To speed things up a bit, try these time-saving tips. Save yourself the irritation and time of having your favorite fresh food items potentially tossed by agents at the border; buy what you need when you get where you’re going. Other items that are best to leave at home: guns, knives and other weapons; drugs; commercial goods; firewood debris, hay/straw, or other agricultural items; and large quantities of cash, booze, or tobacco. It also helps to have a relatively clean vehicle with your gear somewhat organized.
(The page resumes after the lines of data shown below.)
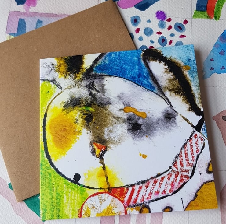 5" x 5" card printed by local printer on 350gsm cardstock comes complete with envelope.
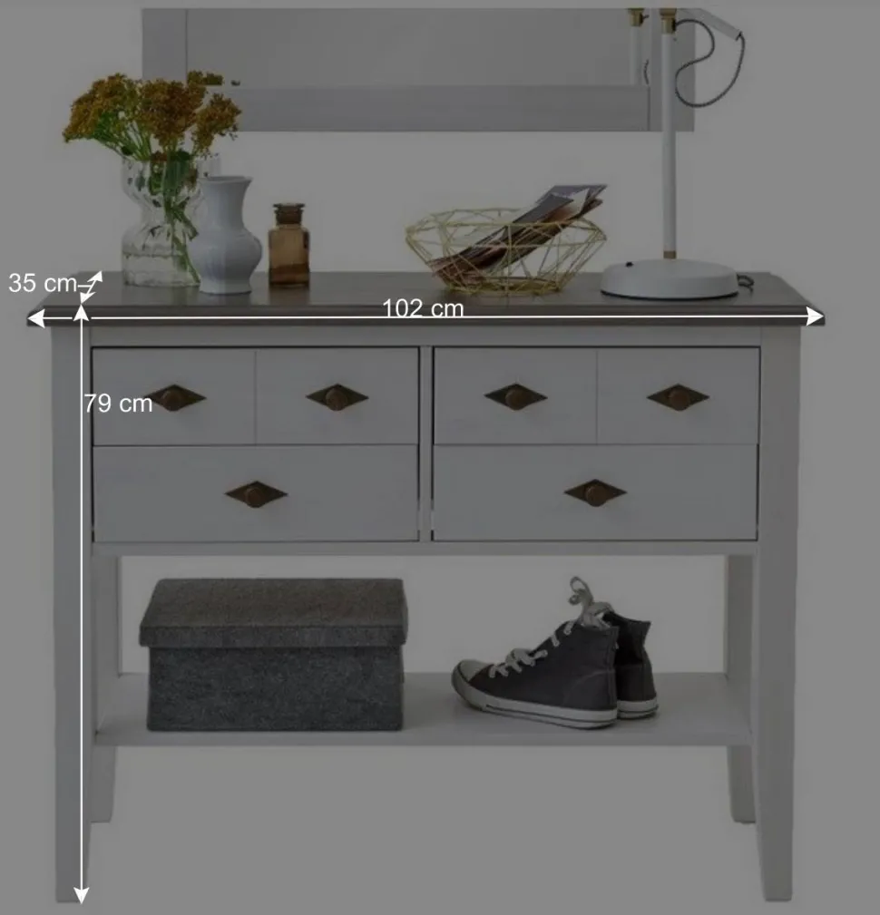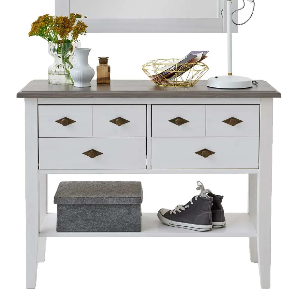 Erleben Sie den Charme und die Qualität des Konsolentischs „Mirandesca“ und bereichern Sie Ihr Zuhause mit einem Stück Eleganz im Landhausstil.
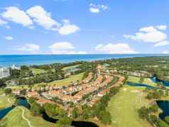 Welcome to this exquisite Mediterranean home in the Villa Lago community of Sandestin Resort. Sold fully furnished with a 2020 six-person golf cart, this custom residence is ideal for personal use or vacation rentals. With four spacious bedrooms and four bathrooms, the home accommodates up to 14 guests. Enter into a modern living room with soaring ceilings, perfect for entertaining. The galley-style kitchen features new appliances and a charming backsplash, seamlessly connecting to the living area. A convenient main floor bedroom is perfect for guests. The master suite boasts a jetted jacuzzi tub and a lighted walk-in shower. Upstairs, three oversized bunk beds sleep six children, along with an entertainment area. Enjoy tranquil pond views from the covered porch while grilling.
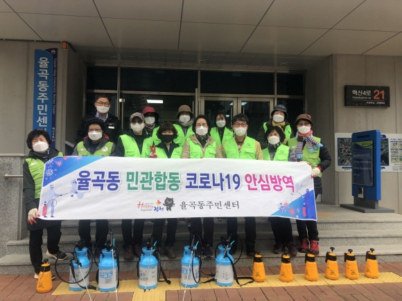 한편, 최근 지역내 코로나 확진자가 다수 발생함에 따라, 율곡동은 각 공동주택 관리사무소에 협조공문을 발송하여 주민 커뮤니티시설 잠정 폐쇄 협조를 구했으며, 관리사무소 요청시 소독약과 손소독제를 지원하고 있고, 개인이 필요시 희석된 소독약을 나눠주고 있다. 또한, 율곡동의 각 단체들은 안산공원과 석정천 산책길을 중심으로 주1~2회정도 자발적으로 방역에 나서는 등 위기극복에 힘을 보태고 있다.
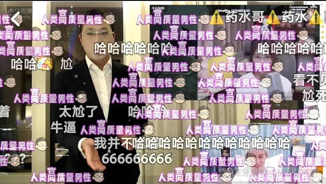 于是,这样一场双方各怀心思的直播,终于在8月13日晚上,如期举行了。并且一开播,即获得了广泛的关注。直播间人气最高时,在线观众多达四百万,满屏弹幕都是虎牙为徐先生定制的“人类高质量男性”,足以证明徐先生如今的人气。
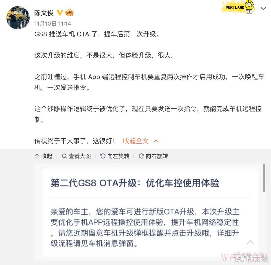 传祺对 GS8 的车机更新得挺频,提车不到半年收到了两次 OTA,不过严格来说,我认为只有 1.5 次更新,毕竟第一次除了增加一些缝缝补补的功能外,车机卡顿、Bug 的问题都没有得到根本性解决。
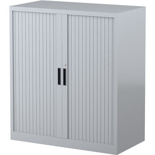 Steelco Tambour Door Cupboard Includes 2 Shelves 900W x 463D x 1015mmH Silver Grey
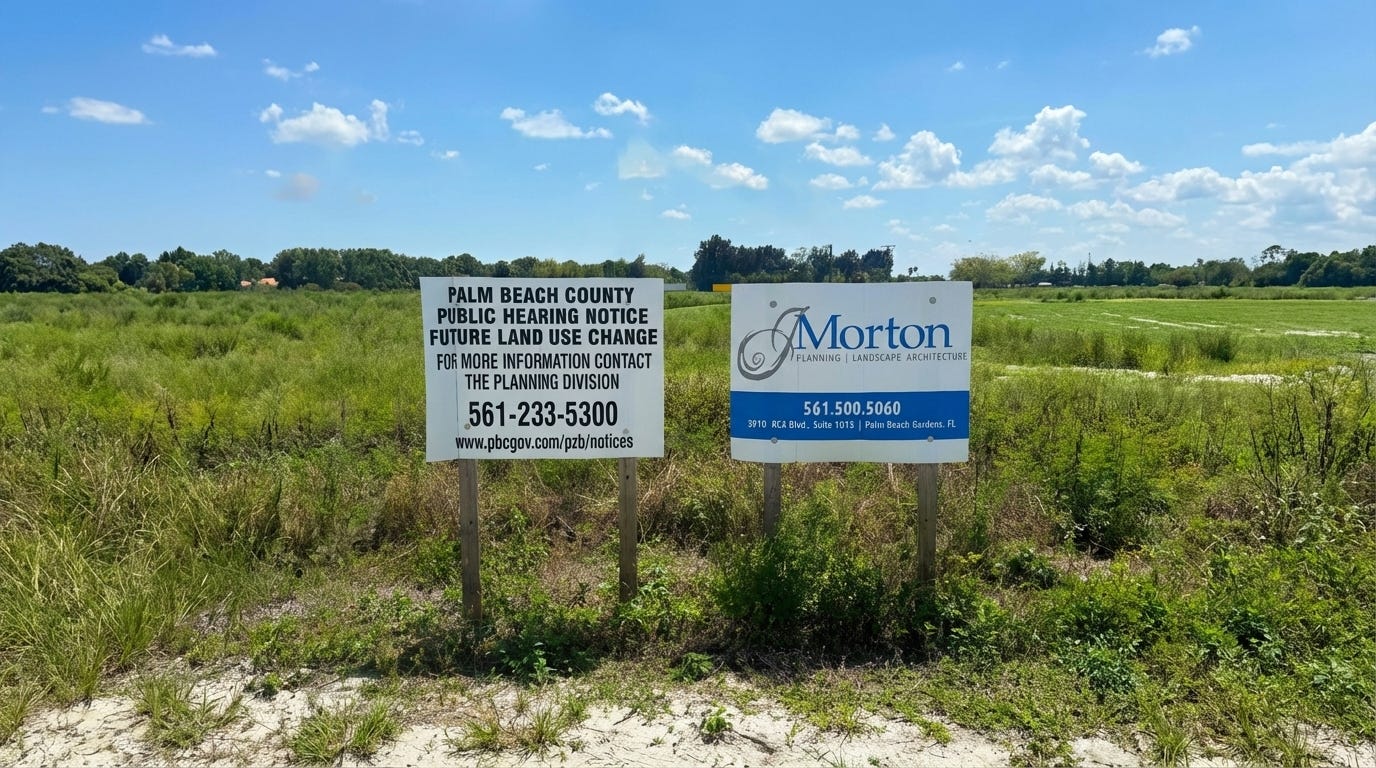 A quiet land battle is brewing in western Boynton Beach. It’s one that most residents don’t even know exists. Since 2021, West Boynton Ranches Holdings LP has been steadily and strategically assembling nearly 180 acres inside the Agricultural Reserve along Boynton Beach Blvd, and their next move may be imminent. A vacant 30-acre tract which was once an equestrian property and farmland is the anchor site for a proposed multi-family development. It was rejected by the county in April 2025, then vanished from the agenda entirely. Recently planted rezoning and architectural signs along the boulevard suggest the project is quietly coming back to life.
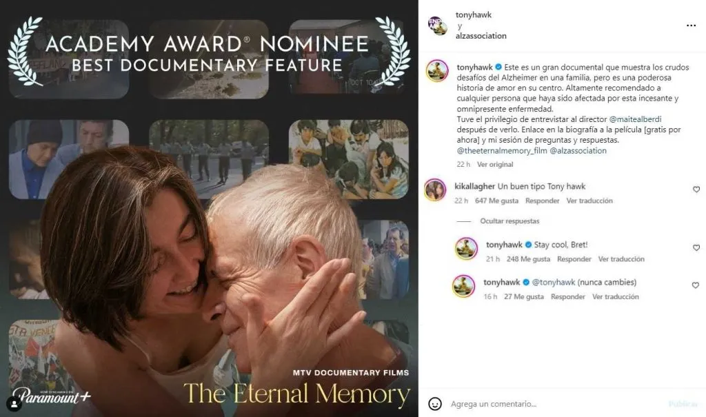 El skater profesional hizo una publicación en Instagram donde califica a la película como una “poderosa historia de amor en su centro” y que es “Altamente recomendado a cualquier persona que haya sido afectada por esta incesante y omnipresente enfermedad”, para finalmente indicar que tuvo el privilegio de entrevistar a la chilena, Maite Alberdi, directora de la película nacional.
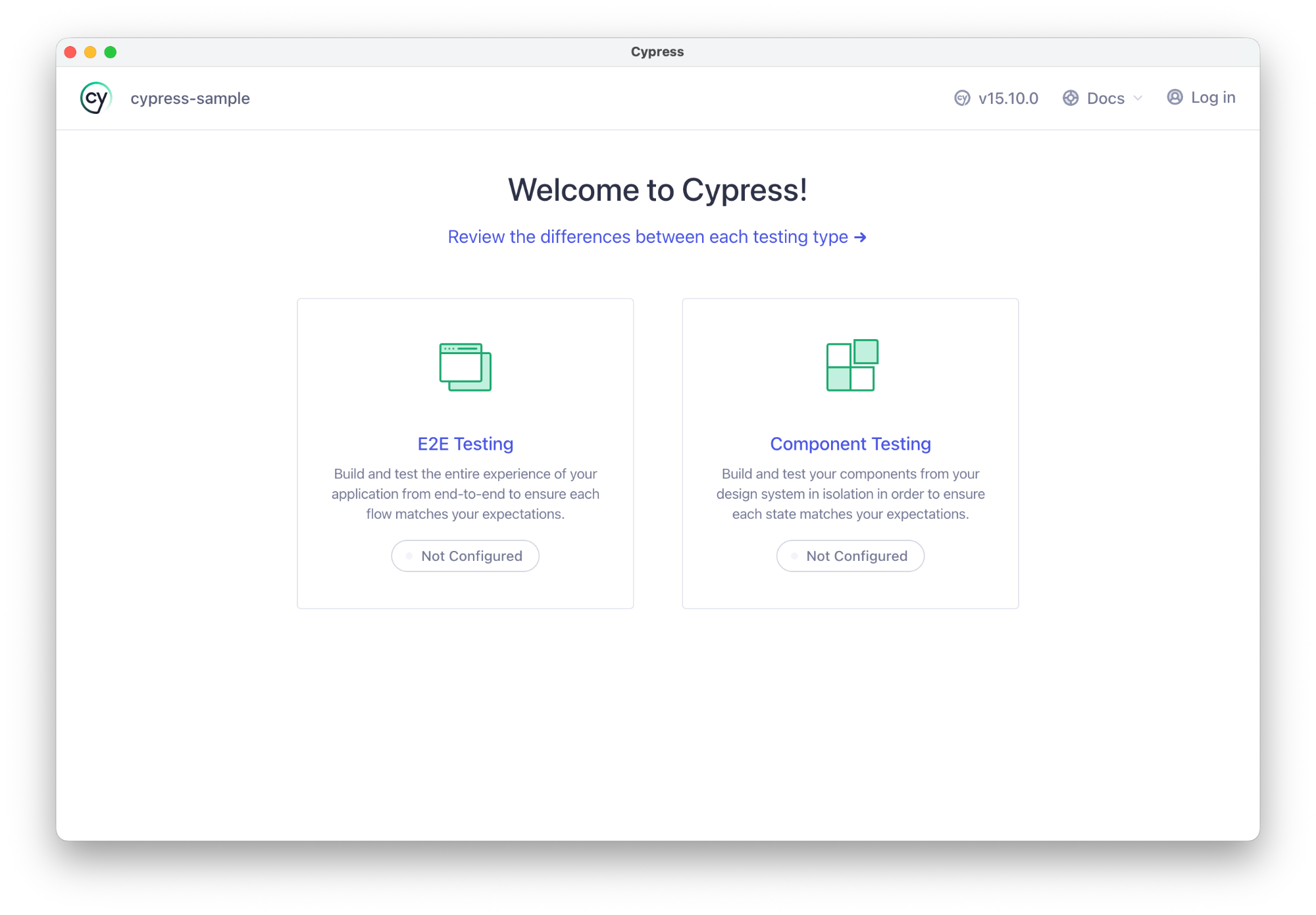 次に「Welcome to Cypress!」画面が表示され、テストの種別を選択します。E2Eテストを行う場合は「E2E Testing」を選択してください。

When interacting with border agents, turn off your vehicle, take off sunglasses and hats, have your IDs ready, be friendly and helpful, and refrain from chit-chat or providing unsolicited information or snarky replies while explaining the non-business nature of your epic vacation.

 

  1. Tips to Get the Most Out of Your B.C. Trip. For Americans, travel to Canada requires little transition. Canadians speak English, drive on the same side of the road, eat similar foods, and enjoy the same modern amenities as most Americans. However, a little planning will make that transition even easier. Add an inexpensive phone plan that covers text and calls in Canada if you don’t already have one (make sure you don’t get charged extra for data roaming). Also, report your travel plans to the banks behind any of the cards you’ll be using so they work when you need them. While many businesses take U.S. dollars, it’s best to have some Canadian money in your wallet and use your card when you can to make sure you’re getting the best exchange rate. And finally, give the tips for fitting in as an American on page 30 of this guide a read! //

 

Choosing the Best Border Crossing

 

Map of B.C. border crossings.

Use this border crossing info and the above map to make sure you don’t get stuck at a closed crossing or waste time taking the wrong one.

 

Osoyoos/Oroville: 24 hours

Use for some Okanagan resorts.

 

Midway/Ferry: 9 a.m.-5 p.m.

Use for Big White/SilverStar shortcut when roads are good.

 

Cascade/Laurier: 8 a.m.-midnight

Use for Big White, SilverStar & Phoenix.

 

Paterson/Frontier: 24 hours

Use for RED Mountain & Rossland

 

Nelway/Metaline Falls: 8 a.m.-8 p.m. U.S. / 8 a.m.-midnight Canada

Use for Whitewater, Nelson, Ainsworth, Kootenay Pass, Salmo, Nakusp, Revelstoke, Halcyon & Rogers Pass.

 

Rykerts/Porthill: 7 a.m.-11 p.m. U.S. / 8 a.m.-midnight Canada

Use for Creston/Kootenay Pass.

 

Kingsgate/Eastport: 24 hours

Use for Kimberley, Fernie, Panorama, Fairmont, Radium, Golden, & Kicking Horse.